Вася резко крутанул руль, раздался звук удара, скрежет. «Копейку» катнуло вперед. Вася, не сбавляя скорости, выровнял нашу машину и еще наддал газку. Второй «козелок», выставив автоматы в сторону «копейки», резво покатил вслед за нами.

Мы смеемся, нам смешно.

В машине, идущей за нами, Язва включил рацию, чтобы сказать что-то, и я слышу, что там тоже все смеются.

– Нормально? – неопределенно интересуется Язва.

– Душевно… – не менее неопределенно отвечает Вася.

И мы снова все одновременно засмеялись, восемь человек посередине мрачного города, молодые безумные парни. Даже Черная Метка, словно нехотя, скривился.

– Тише, тут блокпост… – говорит он Васе негромко.

– Учтем, – отвечает Вася.

Напрягаю мышцы – то бицепсы, то шейные. Неожиданно остро начинаю чувствовать собственные соски, касающиеся тельника. Ссутуливаю плечи, чтобы отстранить ткань от груди, избавиться от этих раздражающих касаний. Аккуратно трогаю пальцами дверную ручку, чтобы рука запомнила ее местонахождение, не спутала, не заблудилась в потемках, если понадобится резко открыть дверь, чтобы выпасть.

Метров за тридцать до блокпоста мы, прижавшись к обочине, встаем. Я, несказанно и непонятно отчего счастливый, выскакиваю на асфальт из машины.

– Эй! Свои! – кричу я и расхлябанно двигаюсь к посту. Из проема меж плит выходит офицер, недоверчиво глядя на меня.

– Машину ищем. Солдатики из заводской комендатуры уехали за водкой и не вернулись. Не видели? – спрашиваю я, подавая ему руку.

Он отрицательно качает головой. Ладонь у него вялая и – в темноте чувствую – грязная, в сохлом земляном налете.

Тихо подъезжают наши машины. Выходит, хлопнув дверью, Черная Метка. Я ухожу – сейчас начальство повторит вопросы, только что заданные мной.

За вторым «козелком» уже толпятся пацаны – Язва, Вася, Кизя-Сорок Пять, Тельман, Андрюха Конь, Астахов…

– Опа! – говорю я.

Астахов, вытирая губы, тут же вручает мне пузырь, из которого только что отпил сам и, судя по его сразу покрасневшим и отяжелевшим глазам, отпил много. Я трясу бутылкой перед собой, зачем-то взбаламучивая содержимое, и, раскрыв рот, лью в себя отраву.

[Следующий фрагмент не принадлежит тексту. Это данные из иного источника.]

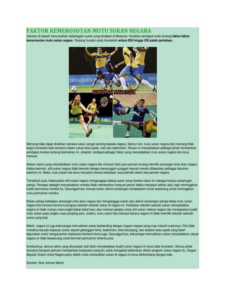 Konklusinya , kemerosotan mutu sukan negara tidak seharusnya dibiarkan terus berlanjutan kerana ia sedikit sebanyak berkaitan dengan maruah kita pada peringkat antarabangsa.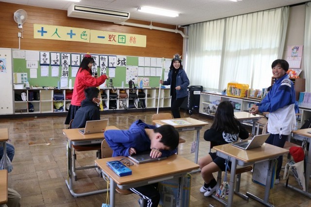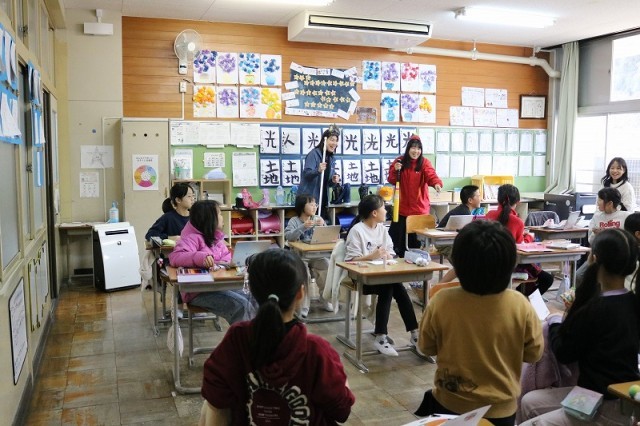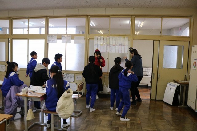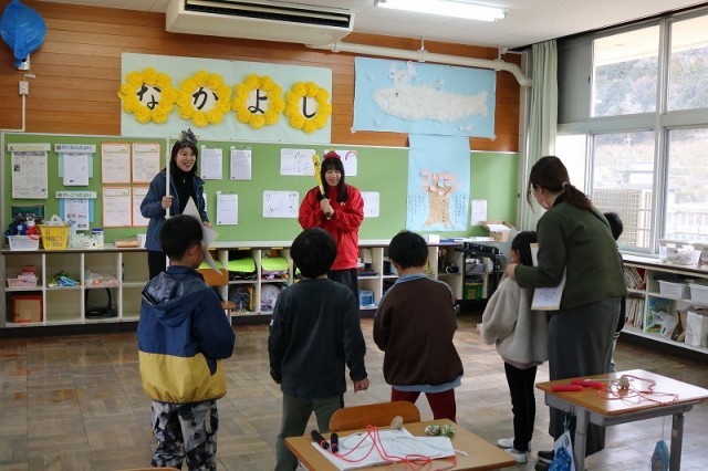「おにはそと!」元気な声が教室中に響き渡り、子どもたちは笑顔いっぱいで豆をまきました。

Сладко бьет под дых, сжимается мозг, я прикрываю рот рукавом. Кто-то бережно извлекает из моих пальцев бутылку.

– Дайте что-нибудь сожрать… – говорю я сипло и тут же вижу, что Андрюха Конь держит на лапе вскрытую банку кильки.

Догадавшись, что есть надо пальцами, я щедро хватаю из банки несколько рыбок и, обливаясь соусом, переправляю их в рот.

Кизя допивает водку и, обнаружив, что рыбы в банке больше нет, выливает из банки себе в пасть остатки томатного соуса, видимо, уже смачно подсоленного нашими пальцами.

– По коням, – говорит Язва просто так, чтобы что-то сказать. Никто и не собирался тут оставаться.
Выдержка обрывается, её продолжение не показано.